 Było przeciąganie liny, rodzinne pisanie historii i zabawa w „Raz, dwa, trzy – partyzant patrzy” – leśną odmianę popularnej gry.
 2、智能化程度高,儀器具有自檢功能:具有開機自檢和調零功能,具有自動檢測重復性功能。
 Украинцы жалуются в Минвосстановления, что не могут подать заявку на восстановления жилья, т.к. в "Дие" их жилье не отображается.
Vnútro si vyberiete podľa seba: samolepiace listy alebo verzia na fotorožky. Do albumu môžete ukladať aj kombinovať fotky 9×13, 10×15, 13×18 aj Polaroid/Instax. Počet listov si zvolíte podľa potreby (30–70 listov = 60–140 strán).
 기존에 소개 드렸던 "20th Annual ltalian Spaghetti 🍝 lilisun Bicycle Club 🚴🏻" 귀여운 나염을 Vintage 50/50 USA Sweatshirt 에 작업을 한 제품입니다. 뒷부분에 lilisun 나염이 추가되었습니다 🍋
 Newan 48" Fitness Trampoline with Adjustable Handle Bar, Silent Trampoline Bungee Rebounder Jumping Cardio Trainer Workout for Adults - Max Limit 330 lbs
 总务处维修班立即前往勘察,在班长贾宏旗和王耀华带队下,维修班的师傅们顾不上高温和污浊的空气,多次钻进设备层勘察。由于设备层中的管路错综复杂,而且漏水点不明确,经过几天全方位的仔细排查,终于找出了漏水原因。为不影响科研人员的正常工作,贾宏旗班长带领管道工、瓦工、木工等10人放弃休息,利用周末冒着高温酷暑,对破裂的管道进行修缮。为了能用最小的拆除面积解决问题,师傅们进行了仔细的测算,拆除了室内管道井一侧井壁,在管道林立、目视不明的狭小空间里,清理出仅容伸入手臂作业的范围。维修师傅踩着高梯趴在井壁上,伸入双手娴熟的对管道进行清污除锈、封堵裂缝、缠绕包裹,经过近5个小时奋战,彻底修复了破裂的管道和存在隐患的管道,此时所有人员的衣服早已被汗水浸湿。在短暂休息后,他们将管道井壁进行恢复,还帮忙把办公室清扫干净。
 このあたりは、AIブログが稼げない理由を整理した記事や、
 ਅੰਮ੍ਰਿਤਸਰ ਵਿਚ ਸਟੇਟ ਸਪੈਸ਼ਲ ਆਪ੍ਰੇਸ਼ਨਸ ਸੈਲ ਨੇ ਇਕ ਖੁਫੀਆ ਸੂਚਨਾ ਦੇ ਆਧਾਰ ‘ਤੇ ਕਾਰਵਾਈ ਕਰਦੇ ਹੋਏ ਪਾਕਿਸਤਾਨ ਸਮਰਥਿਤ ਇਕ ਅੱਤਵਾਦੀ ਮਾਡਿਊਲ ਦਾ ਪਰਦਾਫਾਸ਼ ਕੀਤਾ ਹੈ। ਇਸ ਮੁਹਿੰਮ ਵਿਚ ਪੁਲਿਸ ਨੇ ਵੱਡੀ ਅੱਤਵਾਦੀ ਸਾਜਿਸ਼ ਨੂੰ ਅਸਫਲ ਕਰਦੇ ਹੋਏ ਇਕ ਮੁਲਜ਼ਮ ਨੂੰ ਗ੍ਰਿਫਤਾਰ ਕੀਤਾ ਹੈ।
○ ○ ○ ○ ○
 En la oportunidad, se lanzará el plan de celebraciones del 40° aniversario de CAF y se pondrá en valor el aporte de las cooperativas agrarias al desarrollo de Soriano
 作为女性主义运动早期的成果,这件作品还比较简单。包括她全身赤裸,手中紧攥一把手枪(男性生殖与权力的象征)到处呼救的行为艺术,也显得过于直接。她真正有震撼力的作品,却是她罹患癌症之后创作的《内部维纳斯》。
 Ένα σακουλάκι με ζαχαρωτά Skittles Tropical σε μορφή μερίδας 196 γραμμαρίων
○ ○ ○ ○ ○
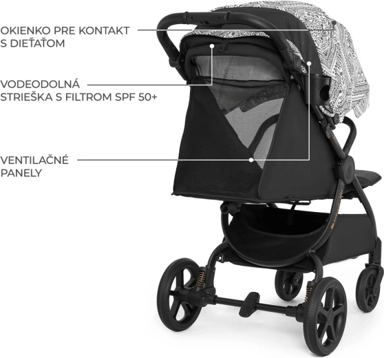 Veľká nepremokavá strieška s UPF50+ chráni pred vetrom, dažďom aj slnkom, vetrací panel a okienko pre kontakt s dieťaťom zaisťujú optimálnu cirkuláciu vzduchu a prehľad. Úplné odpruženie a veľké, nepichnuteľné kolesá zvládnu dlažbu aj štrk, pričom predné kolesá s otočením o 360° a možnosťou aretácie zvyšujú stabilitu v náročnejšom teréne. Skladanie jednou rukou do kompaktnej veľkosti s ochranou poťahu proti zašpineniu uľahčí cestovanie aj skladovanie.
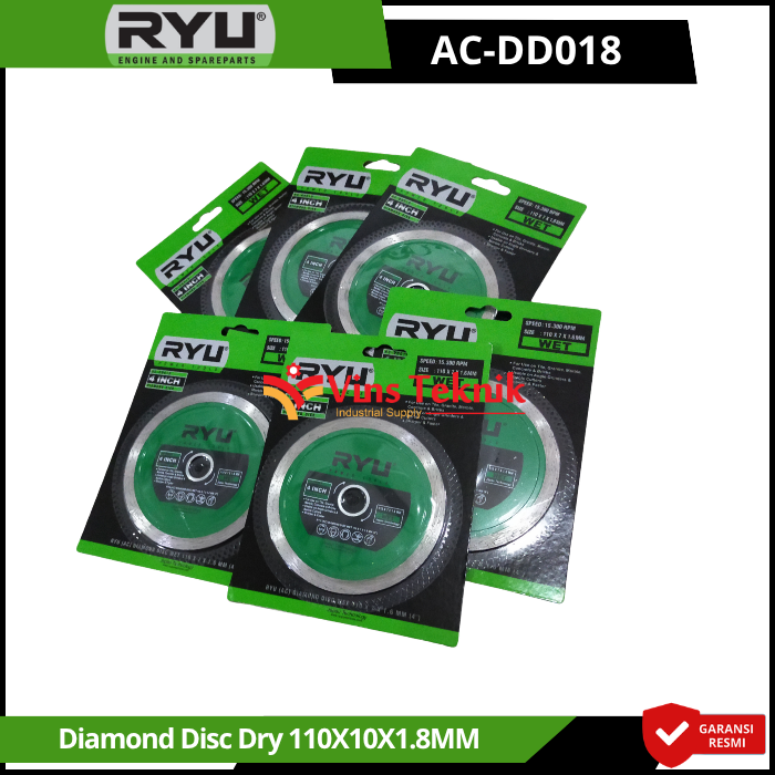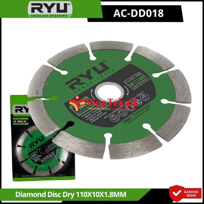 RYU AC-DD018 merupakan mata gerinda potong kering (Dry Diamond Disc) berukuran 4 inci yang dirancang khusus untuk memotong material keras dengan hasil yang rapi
○ ○ ○ ○ ○
Required work:
Nothing but the lines above from the one containing "Było przeciąganie liny, rodzinne" through the one containing "Limit 330 lbs" should appear in the answer, each repeated exactly.

Response to the task:
 Było przeciąganie liny, rodzinne pisanie historii i zabawa w „Raz, dwa, trzy – partyzant patrzy” – leśną odmianę popularnej gry.
 2、智能化程度高,儀器具有自檢功能:具有開機自檢和調零功能,具有自動檢測重復性功能。
 Украинцы жалуются в Минвосстановления, что не могут подать заявку на восстановления жилья, т.к. в "Дие" их жилье не отображается.
Vnútro si vyberiete podľa seba: samolepiace listy alebo verzia na fotorožky. Do albumu môžete ukladať aj kombinovať fotky 9×13, 10×15, 13×18 aj Polaroid/Instax. Počet listov si zvolíte podľa potreby (30–70 listov = 60–140 strán).
 기존에 소개 드렸던 "20th Annual ltalian Spaghetti 🍝 lilisun Bicycle Club 🚴🏻" 귀여운 나염을 Vintage 50/50 USA Sweatshirt 에 작업을 한 제품입니다. 뒷부분에 lilisun 나염이 추가되었습니다 🍋
 Newan 48" Fitness Trampoline with Adjustable Handle Bar, Silent Trampoline Bungee Rebounder Jumping Cardio Trainer Workout for Adults - Max Limit 330 lbs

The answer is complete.